> _DESCRIPTION OF THE TASK_:
What lines in the listing include "EVSE"? Return a copy of each.

> _RECORDS_:
☆ ☆ ☆ ☆ ☆ ☆ ☆

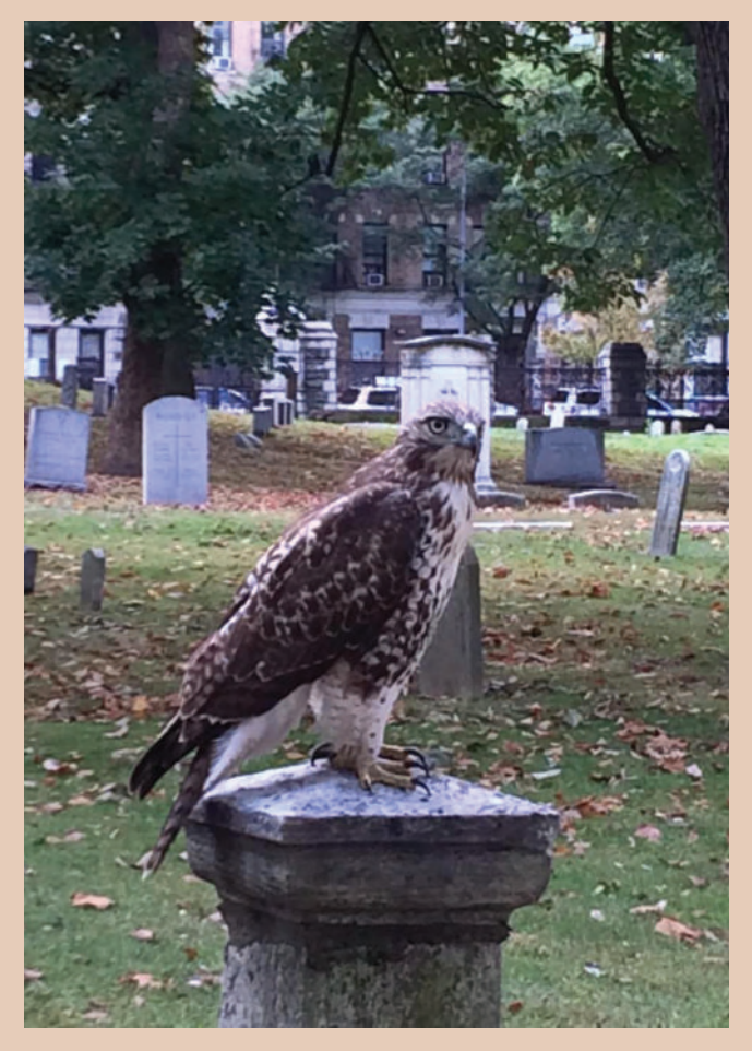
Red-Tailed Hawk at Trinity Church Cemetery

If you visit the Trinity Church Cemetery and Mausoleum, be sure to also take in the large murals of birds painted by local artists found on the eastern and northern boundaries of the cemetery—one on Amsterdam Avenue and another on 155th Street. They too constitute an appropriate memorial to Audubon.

☆ ☆ ☆ ☆ ☆ ☆ ☆

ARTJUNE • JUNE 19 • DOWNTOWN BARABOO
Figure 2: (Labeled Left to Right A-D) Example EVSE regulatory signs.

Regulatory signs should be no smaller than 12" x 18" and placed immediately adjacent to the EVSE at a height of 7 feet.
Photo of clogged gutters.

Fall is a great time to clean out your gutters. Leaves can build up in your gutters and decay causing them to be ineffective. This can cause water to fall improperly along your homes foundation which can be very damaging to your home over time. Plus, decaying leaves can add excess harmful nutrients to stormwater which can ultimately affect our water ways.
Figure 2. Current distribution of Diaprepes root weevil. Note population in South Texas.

☆ ☆ ☆ ☆ ☆ ☆ ☆

> _ANSWER TO THIS TASK_:
Figure 2: (Labeled Left to Right A-D) Example EVSE regulatory signs.
Regulatory signs should be no smaller than 12" x 18" and placed immediately adjacent to the EVSE at a height of 7 feet.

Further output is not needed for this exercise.